Your instructions = Look through the records below for the line with "mới chứng thư số". Return that line and each one after it up to and including the line with "캐시워크 돈버는퀴즈 정답 리얼마이즈 알룰로스 액상", exactly.

Available records =
★ ★ ★ ★ ★ ★ ★

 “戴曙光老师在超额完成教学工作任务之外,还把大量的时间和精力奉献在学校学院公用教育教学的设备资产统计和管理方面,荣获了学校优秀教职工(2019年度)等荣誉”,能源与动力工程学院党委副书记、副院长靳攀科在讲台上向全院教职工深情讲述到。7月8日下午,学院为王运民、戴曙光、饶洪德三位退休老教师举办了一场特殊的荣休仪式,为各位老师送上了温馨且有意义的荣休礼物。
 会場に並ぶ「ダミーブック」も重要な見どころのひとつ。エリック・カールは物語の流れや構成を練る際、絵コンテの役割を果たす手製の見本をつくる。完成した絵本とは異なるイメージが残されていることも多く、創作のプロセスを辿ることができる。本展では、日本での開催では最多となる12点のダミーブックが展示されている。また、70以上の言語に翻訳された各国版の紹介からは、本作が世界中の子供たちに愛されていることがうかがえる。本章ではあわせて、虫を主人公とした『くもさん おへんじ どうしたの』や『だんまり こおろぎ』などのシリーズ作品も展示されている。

★ ★ ★ ★ ★ ★ ★

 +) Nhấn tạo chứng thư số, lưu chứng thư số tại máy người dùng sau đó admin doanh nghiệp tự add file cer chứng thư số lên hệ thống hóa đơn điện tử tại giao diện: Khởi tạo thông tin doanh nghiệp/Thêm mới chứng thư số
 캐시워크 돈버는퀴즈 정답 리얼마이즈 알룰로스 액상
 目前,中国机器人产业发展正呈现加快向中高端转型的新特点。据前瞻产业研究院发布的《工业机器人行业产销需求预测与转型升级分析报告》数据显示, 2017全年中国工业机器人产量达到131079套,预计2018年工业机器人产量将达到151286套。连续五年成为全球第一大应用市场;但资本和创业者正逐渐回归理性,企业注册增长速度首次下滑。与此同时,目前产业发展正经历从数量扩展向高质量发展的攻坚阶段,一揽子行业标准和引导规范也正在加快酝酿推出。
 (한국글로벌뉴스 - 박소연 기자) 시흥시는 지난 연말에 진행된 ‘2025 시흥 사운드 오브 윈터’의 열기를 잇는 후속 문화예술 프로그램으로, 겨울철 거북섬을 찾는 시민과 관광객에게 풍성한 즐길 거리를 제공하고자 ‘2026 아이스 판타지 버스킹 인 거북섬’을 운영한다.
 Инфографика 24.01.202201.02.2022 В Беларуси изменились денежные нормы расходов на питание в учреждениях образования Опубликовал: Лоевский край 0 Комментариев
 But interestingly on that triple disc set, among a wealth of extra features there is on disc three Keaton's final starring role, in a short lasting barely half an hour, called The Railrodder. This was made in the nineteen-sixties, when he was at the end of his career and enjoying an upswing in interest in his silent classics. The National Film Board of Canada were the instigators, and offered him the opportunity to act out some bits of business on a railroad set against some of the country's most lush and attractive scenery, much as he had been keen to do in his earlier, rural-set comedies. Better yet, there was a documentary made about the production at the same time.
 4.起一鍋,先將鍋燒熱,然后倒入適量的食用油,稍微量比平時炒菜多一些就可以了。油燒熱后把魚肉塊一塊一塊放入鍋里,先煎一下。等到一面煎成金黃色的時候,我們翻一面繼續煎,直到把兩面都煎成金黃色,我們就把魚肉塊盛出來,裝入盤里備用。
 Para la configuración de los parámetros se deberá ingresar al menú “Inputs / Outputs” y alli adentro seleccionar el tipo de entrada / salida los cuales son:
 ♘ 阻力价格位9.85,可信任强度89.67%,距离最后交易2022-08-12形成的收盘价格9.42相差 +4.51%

★ ★ ★ ★ ★ ★ ★

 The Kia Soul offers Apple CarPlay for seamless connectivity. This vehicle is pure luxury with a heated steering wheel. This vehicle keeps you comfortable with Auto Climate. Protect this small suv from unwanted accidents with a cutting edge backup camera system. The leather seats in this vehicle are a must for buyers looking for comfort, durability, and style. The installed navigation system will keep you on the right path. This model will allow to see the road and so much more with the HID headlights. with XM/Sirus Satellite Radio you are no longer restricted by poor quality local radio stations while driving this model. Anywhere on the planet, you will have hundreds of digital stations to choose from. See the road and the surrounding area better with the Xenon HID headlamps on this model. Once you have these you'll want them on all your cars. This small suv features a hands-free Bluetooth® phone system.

★ ★ ★ ★ ★ ★ ★

Task response =
 +) Nhấn tạo chứng thư số, lưu chứng thư số tại máy người dùng sau đó admin doanh nghiệp tự add file cer chứng thư số lên hệ thống hóa đơn điện tử tại giao diện: Khởi tạo thông tin doanh nghiệp/Thêm mới chứng thư số
 캐시워크 돈버는퀴즈 정답 리얼마이즈 알룰로스 액상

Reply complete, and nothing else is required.